You felt less perturbed by it this time than when she had done it a few minutes previously that felt like a life time ago.
"Don't pout like that, girl! We'll get you better than ever. Guys will be falling all over you by the time the winter mixer comes around."
You don't remember ever mentioning your sexuality to your roommates before.
For good reason though. If they knew you liked girls, Stephanie probably would have imposed more insane rules to reduce any risks of you so much as seeing her calves, and Chloe would probably beg you to make out with her at parties to make her crush of the week jealous.
But hearing Chloe muse about you like this on some sophomore lunkhead's arm sounded so right. So natural. So like…yourself.
"Sooner if I have any say in it," Stephanie glances up briefly to give you another smile. That must be some kind of record.
"And speaking of that, it is asking fitness goals."
"Don't give her something too hard. Maybe improving posture and alignment. No sense in working her to death."
Stephanie had always previously had the courtesy to at least use they, which was still misgendering but at least was some kind of effort, but you felt no need to correct her when she slipped into that she/her set you used to dread.
Another tap from Chloe. Another layer of fogginess to your usually sharpened sense of resistance.
"Oh, and last but not least, name?"
"All her mail is addressed to Daisy."
"OMG! That totally makes sense for you. So cute.

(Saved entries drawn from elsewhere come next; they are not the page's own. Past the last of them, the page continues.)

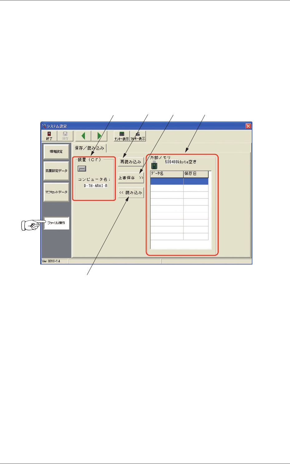 システム設定サブメニューバーの[ファイル操作]ボタンを押すと、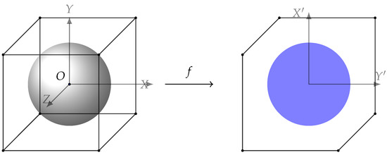 An example of mapping from three-dimensional to two-dimensional space. The hexagon and the circle are the mapping output of the cube and the sphere respectively.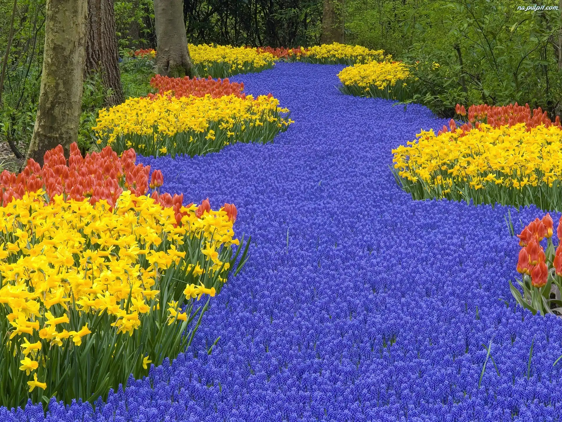 Tulipany, Kwiatów, Dużo, Las, Żonkile Na Pulpit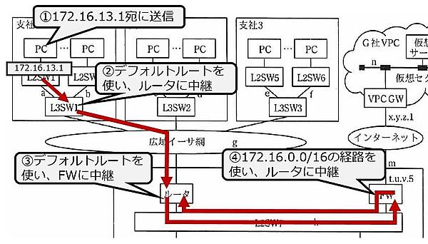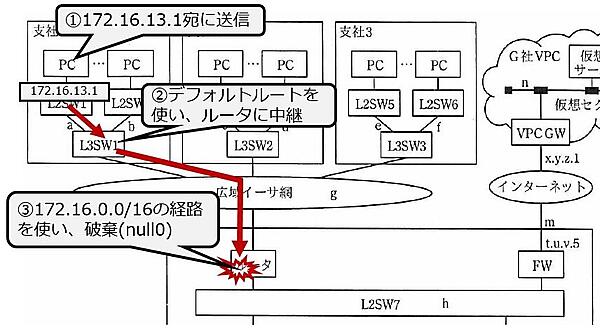 まず支社ネットワーク集約ですが、9ページ表1の通り、現在の支店では172.16.0.0/16に含まれるアドレスが全て利用されている訳でありません。そのため、例えば支店1のPCで172.16.13.1宛の通信が発生した場合、L3SW1はデフォルトルートを使い本社のルータを中継先として送信し、本社のルータもデフォルトルートを使いFWを中継先として送信します。しかし、FWには支社ネットワーク集約されたルート(172.16.0.0/16)がルータから伝えられていることから、中継先としてルータに送信してしまうことになりそうです。したがって解答は【ルータ】と【FW】の間になります。この設問も「図1中の機器名で答えよ」とあるので解答を記入する際は注意してください。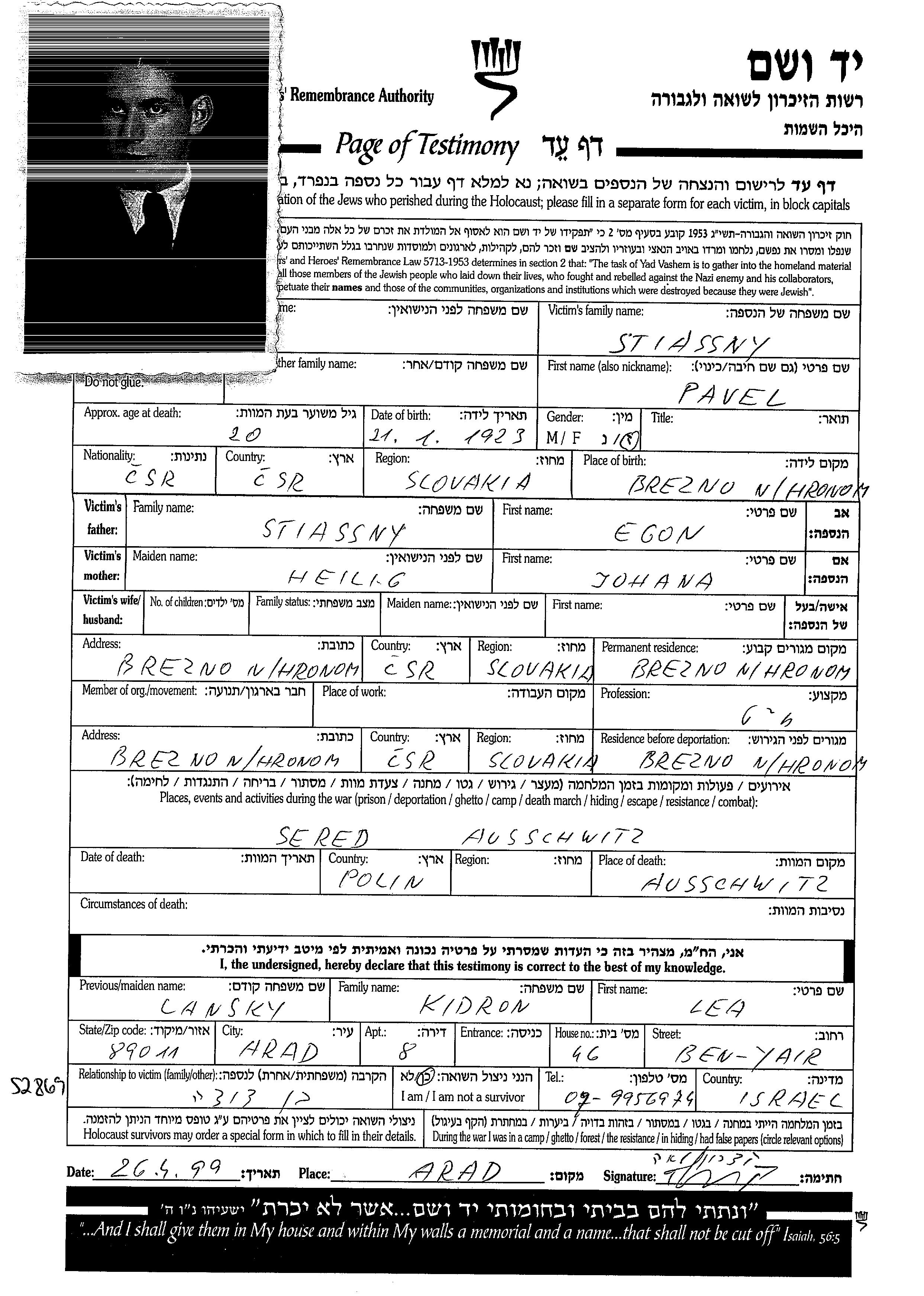 חיפוש שם מוסר דף העד. חיפוש לפי כל שם פרטי, כולל כינוי או שם חיבה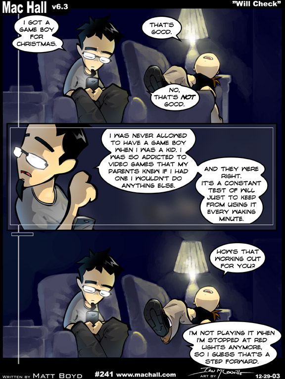 [[Matt is playing video games while Ian is lounging around.]] Matt: I got a Game Boy for Christmas. Ian: That's good. Matt: No, that's NOT good. Matt: I was never allowed to have a Game Boy when I was a kid. I was so addicted to video games that my parents knew if I had one I wouldn't do anything else. And they were right. It's a constant test of will just to keep from using it every waking minute. Ian: How's that working out for you? Matt: I'm not playing it when I'm stopped at red lights anymore, so I guess that's a step forward.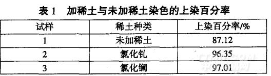 (1)分別改變稀土種類和稀土的用量,觀察其對染色性能的影響。按上面所述工藝進(jìn)行染色實驗,在染色進(jìn)行到一半時分別加入氯化釓和氯化鑭稀土溶液,實驗對比兩種稀土的上染百分率。加稀土和未用稀土染色的上染百分率對比如表1所示。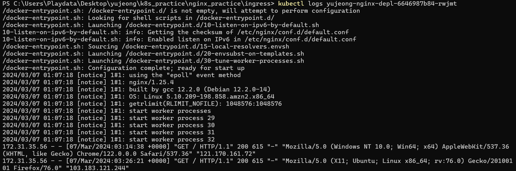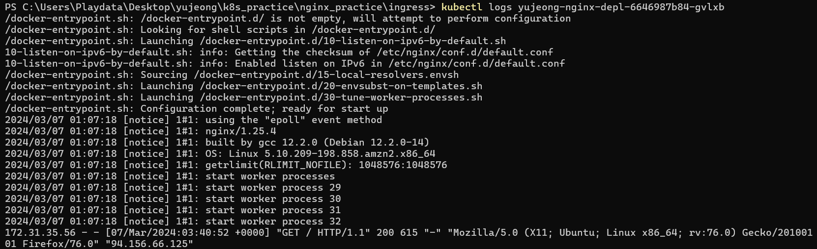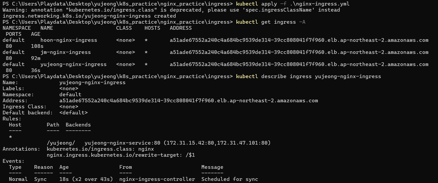 로드 밸런서로 server.yujeong.shop/yujeong/ 요청 받음 -> ingress가 yujeong-nginx-service로 서비스 라우팅이 되는 것.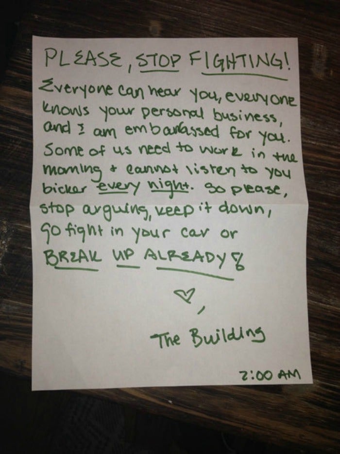 10 Hilarious Passive-Aggressive Notes From Neighbors Who Have HAD IT
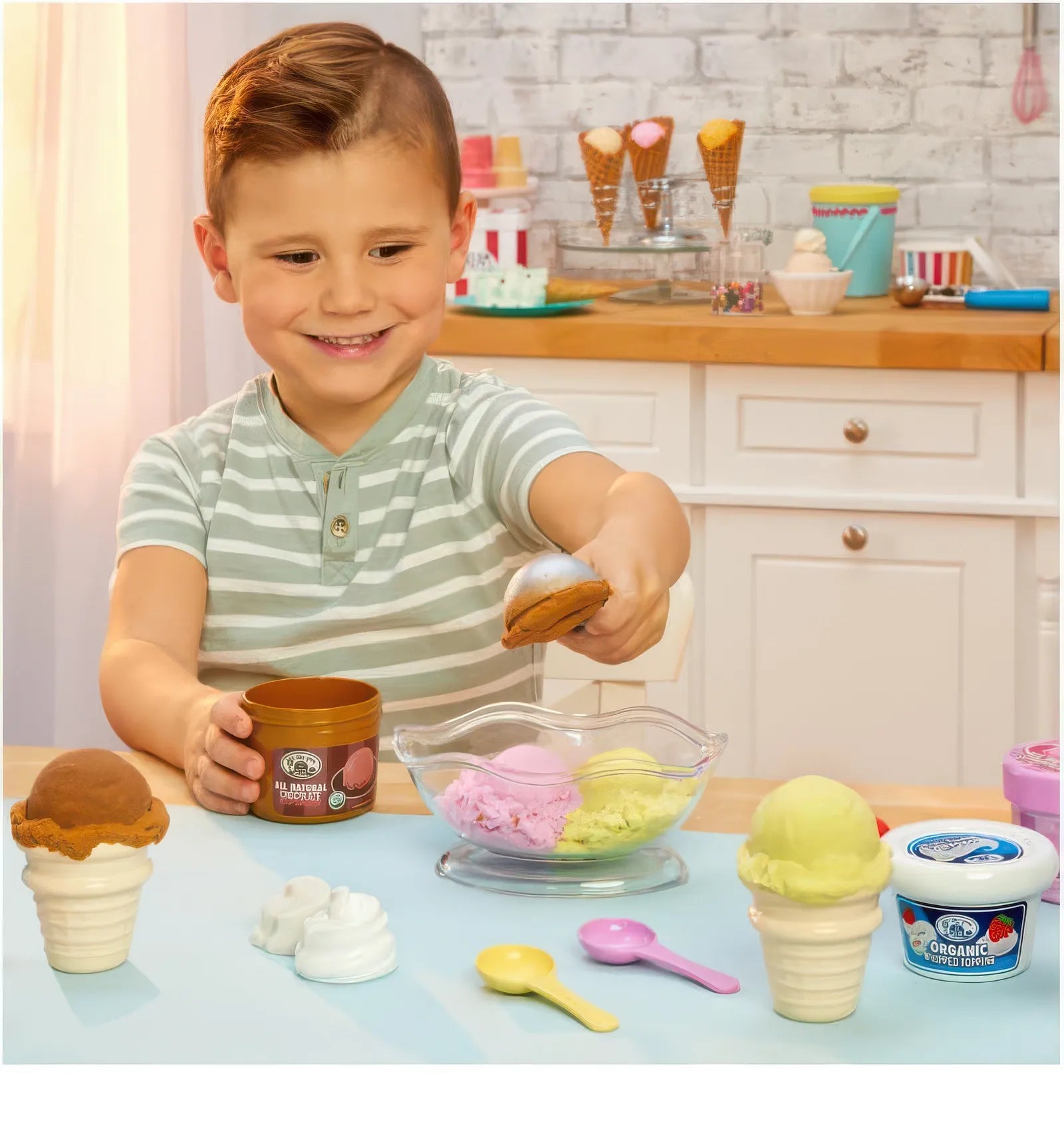LITTLE TIKES Creative Chefs Ice Cream Kit with Make-It Mix Play Sand, 20 Accessories, Realistic Pretend Play Set

Our names all work so well together. Like it was meant to be."
Stephanie nods approvingly at the sentiment.
Five pointed taps off the on-screen keyboard.
Then enter.
And it was sealed.
Your name was Daisy.
Your name is Daisy.
You belong here in the girl's dorm.
You belong with Stephanie and Chloe. You are a girl just like them.
This is your Best Self, and you are so happy that they helped you realize it.